I look down at my watch.
“I called it, pay up,” I tell Sasha.
“You bet he would move up the meeting?” Dan doesn’t approve of playing with fire.
“He always moves up the meeting Dan, and really, we just bet on how much, not if.” But he is running crouched down to the next people he has to inform. Dan is not the tallest guy to begin with, so there’s really no reason for him to be creeping along like that - but it always brings out a smile among us gray-wallers, so I’m not complaining.
Sasha reluctantly hands me 10$.
“Two hours early - how did you call that so easily?”
“You want to know my secret?” I ask her teasingly. She tilts her head and gives me that ‘seriously?’ look. “I’m psychic,” I tell her with my best poker face as I place the 10 in the jar full of 10s I’ve won from her over the past couple of months. Every year on her birthday I empty it and use it to buy her a present. “How else would you explain it?”
“You’re such a pain in my ass.” She picks up a folder and walks over to the printer for the project. I pick up my own and my notebook and follow her to the elevator.
“I mean, honestly, it’s not like as if I could tell from simply observing how many cups of coffee Dan has spilled this morning. I most definitely didn’t notice Mrs. Foot’s car in the parking lot last night, or that the Mat’s is parked in the exact same spot as yesterday. And of course, the girl with the pastries I met in the elevator this morning was no clue what so ever.”
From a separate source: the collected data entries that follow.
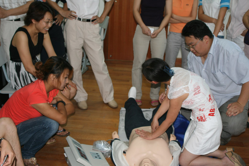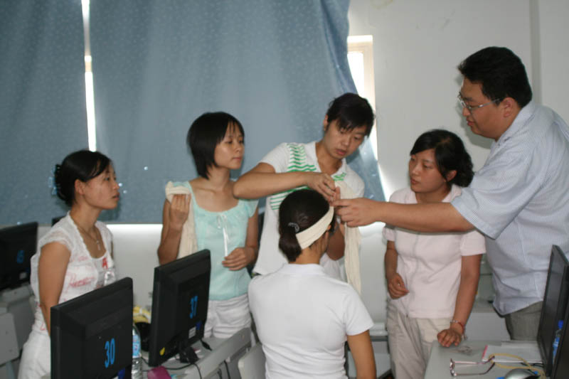 2007年7月31日金山区红十字会李�等三位老师冒着炎热的酷暑,来我校为化工科暑期培训班教师进行“QHS紧急救援模块”进行技能操作培训。李�老师以扎实知识功底和娴熟的操作技能为我们现场急救的基础知识,并进行了止血、包扎、骨折固定与搬运技术的培训及心肺复苏急救操作的培训。通过正规化的培训,老师们收益匪浅,能正确掌握现场急救技能的操作要领。
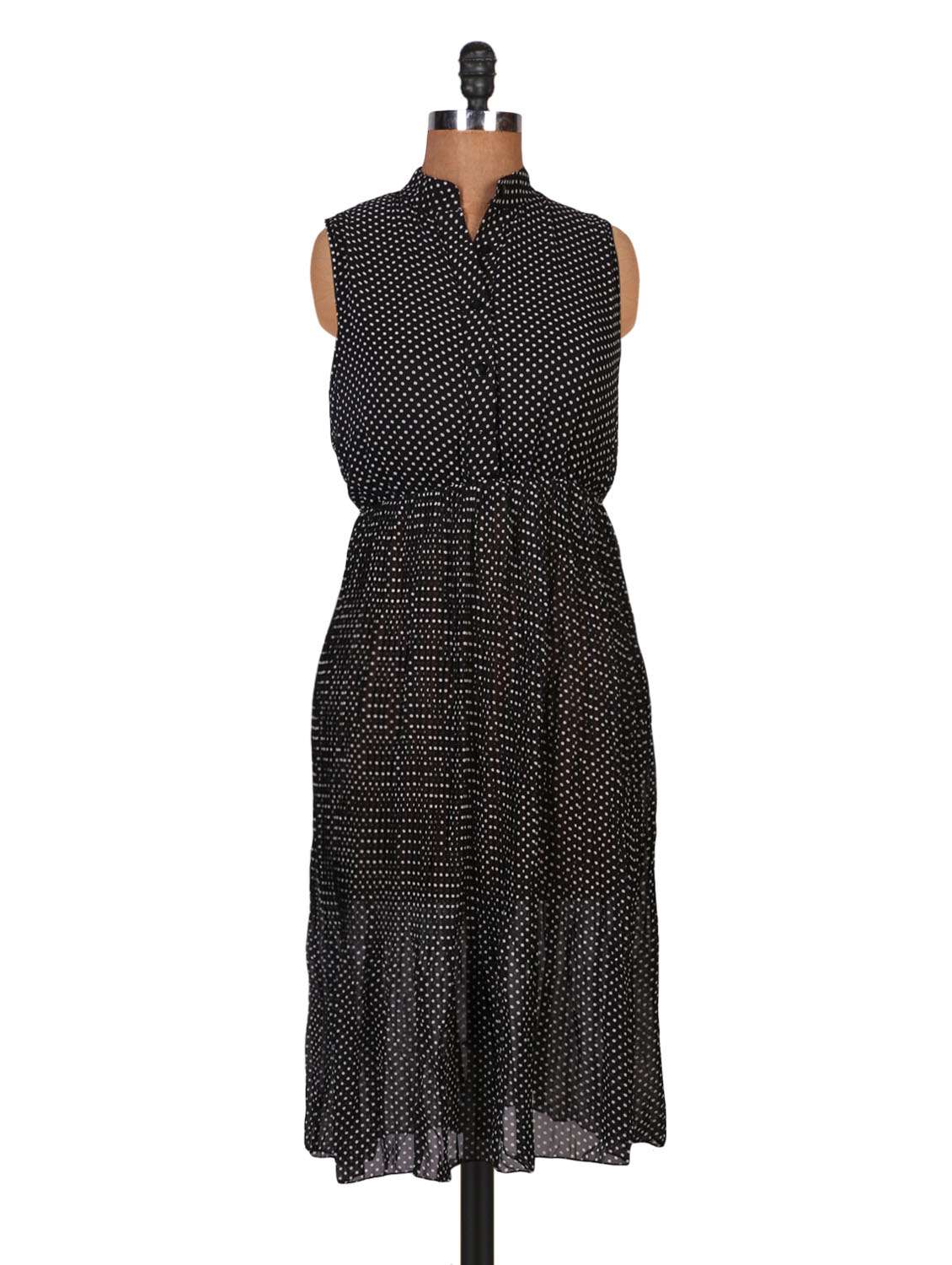 #1 black polka-dotted sleeveless georgette dress & similar products...
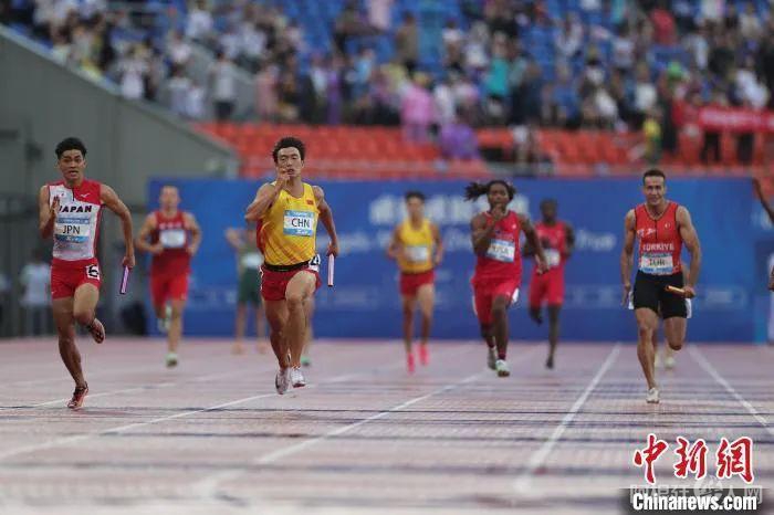 中国队邓智舰在男子4×100米接力决赛最后一棒冲刺中。蒋启明 摄
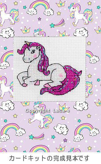 ●絶版・在庫限り●【Luca-sルーカス社カードキット】SP_80・お座りユニコーン・クロスステッチキット・18ct布・6.2×5.5
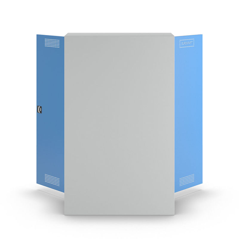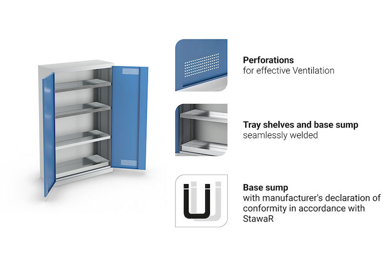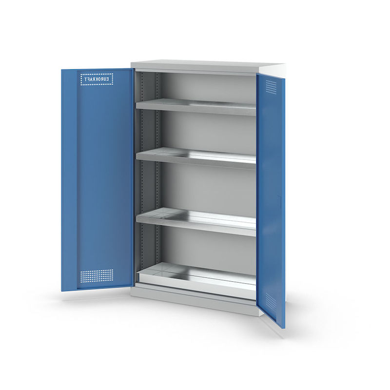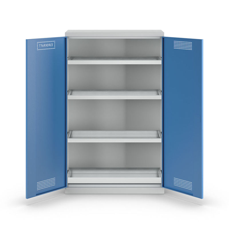 Kemikaalikaappi Stig, 1 pohja-allas ja 3 valuma-allasta, leveys 1200 mm. eurokraft pro-sarjan kemikaalikaapit mahdollistaa kemikaalien turvallisen varastoinnin. Tukeva, laadukas metallikaappi on valmistettu vahvistetusta teräspellistä. Viimeistelty jauhemaalauksella, runko vaaleanharmaa ja ovet vaaleansiniset. Lukittavissa sylinterilukolla, peitetyt sulkutangot maksimoivat suojauksen. eurokraft pro -kemikaalikaappi sopii ihanteellisesti vesistöille vaarallisten nesteiden ammattimaiseen varastointiin. Lukittavien ovien sekä tehokkaan tulo- ja poistoilmanvaihdon ansiosta kemikaalit ovat hyvässä turvassa.
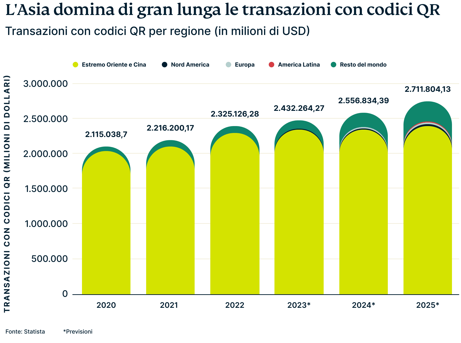 Secondo Statista, si prevede che nel 2023 la regione effettuerà transazioni per oltre 2,2 trilioni di dollari attraverso i codici QR. Seguono il Nord America, i cui consumatori utilizzeranno i codici QR per pagare beni e servizi per un valore di 15,4 miliardi di dollari, e l'America Latina, che utilizzerà i codici QR per effettuare transazioni per oltre 3,4 miliardi di dollari.

“Okay, okay, Sherlock, I get it.”
“Maybe you’d stand a better chance if you weren’t so hopeful that you’d get the chance to finish your homework before class starts. 30 minutes, really?” She turns to me and walks backward instead.
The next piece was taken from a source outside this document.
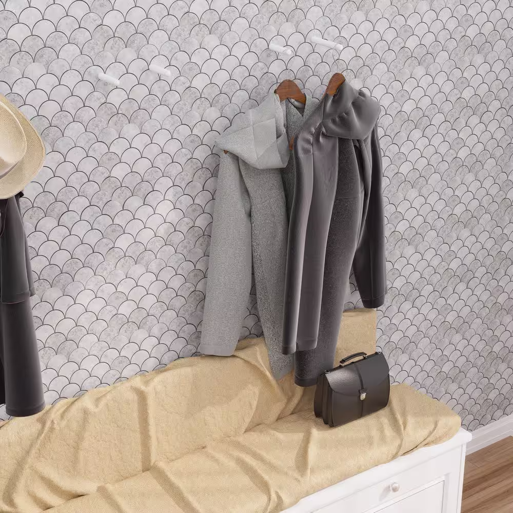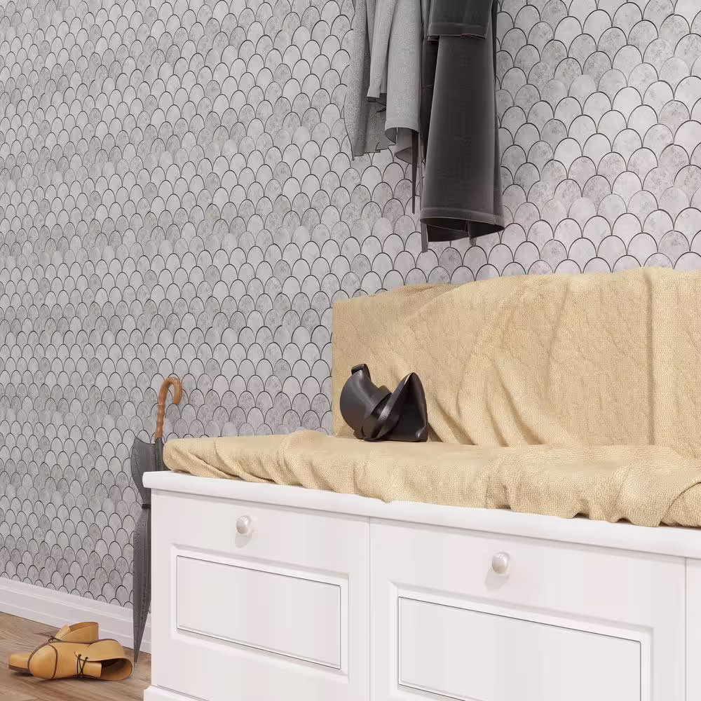 InHome Basketweave 10 in. x 10 in. Off White Carrara Peel and Stick Backsplash Tiles
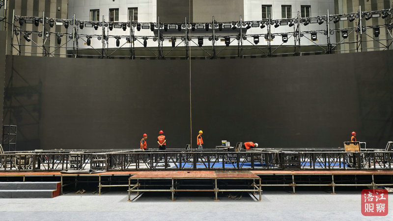 鋼琴與人形機器人背后的開幕式主舞臺上,巨大的異形主屏幕結(jié)構(gòu)已初具規(guī)模,工人們正進行最后的吊頂和異形梯步搭建。綿陽科發(fā)會展旅游有限責任公司副總經(jīng)理張琨向記者透露,預(yù)計將于今晚或明日凌晨完成主會場搭建工作。

“Just because you have everything filed a week before it’s assigned to you…”
“Sasha…” I try to point out the ‘slippery floor’ sign behind her.
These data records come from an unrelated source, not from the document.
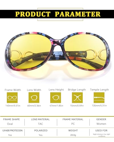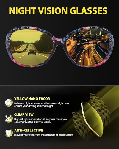 TJUTR Women's Night Vision Glasses, Polarized Yellow Lens for Night Driving, Anti Glare & Enhance Vision at Nighttime 7
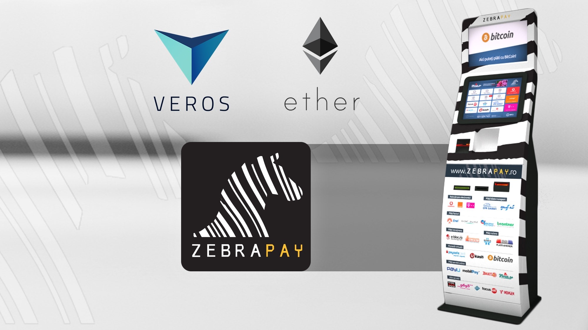 Bucharest, Romania, March 16, 2017 (Newswire.com) - The leading self-service e-payment solutions provider in Romania, ZebraPay will soon start accepting two more cryptocurrencies. The platform has announced the inclusion of Ether and VEROS (VRS) payment options in its self-service kiosks.
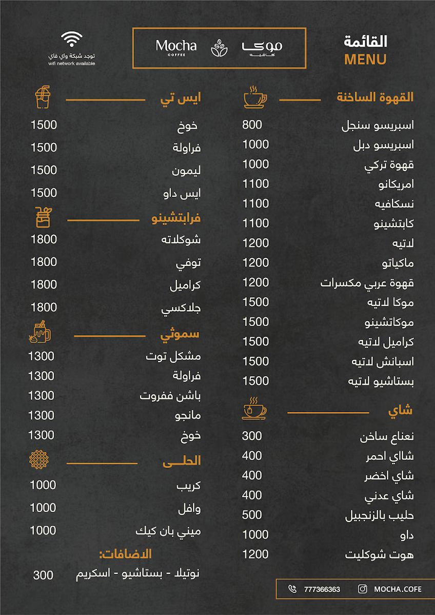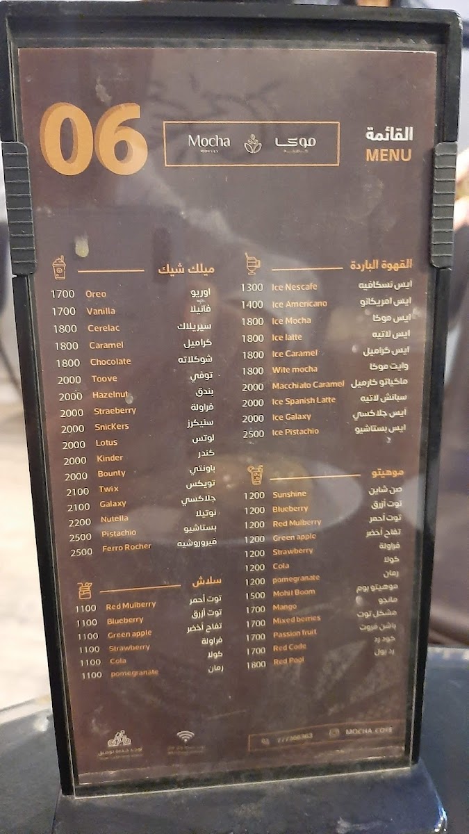 In summary, Mocha coffee موكا كافيه is a gem in Seiyun where you can enjoy high-quality coffee in a stylish setting. Whether you're stopping by for a quick caffeine fix or settling in for an extended catch-up with friends, this café promises a delightful experience that appeals to both the palate and the heart.

“Don’t think you can act…”
“Sasha,” I try again with a smile.
“Like you’re smarter than the rest of us! If you were so smart you’d be out of here by now!”
“Watch out!” I call, but too late. The folder flies up in the air and the papers fly everywhere. I don’t think, I just act. I lock onto Sasha and hold her in the air, slowing her fall. Already Dan is halfway on his knees to catch her. I lock on to the papers too and slow them down as well, just enough to not make it look like they are falling faster than Sasha. Dan is in position. I gently let Sasha fall into his arms and let the papers fly loose again. I look sheepishly around. No one noticed. Thank goodness.
“Don’t you know that you’re supposed to set up signs? You stupid, moronic, waste of a…” She shouts at the janitor.
“Sasha.” I point out the sign she hadn’t seen.
“Oh,” She says. She looks down for a second, and then: “Stupid, moronic death traps!” She picks up her shouting again, this time taking it out on her shoes. “Whoever decided these should be office wear should be hung!” She flings her shoe across the room into one of the gray walls, breaking its heal in the process.
“Thank you for catching her Dan, that was very heroic of you.” He looks like he just caught a dragon with his bare hands. In his defense he kind of did. A dragon who now has her second shoe in hand, ready to throw. I grab hold of it before she can take aim at the painting of the Mat on the wall.
“You, my dear, have a meeting in 5 minutes, and you already have to keep your balance with one broken heel.” She sends me a look like I’m the Anti-Christ. “I know, I know, you hate this place. Guess what, you’ll never save up money or get to quit with style if the Mat fires you first.” The dragon breaths out deeply, but no fire comes out. Dan gently sits her down on the floor, and I walk over and pick up her other shoe.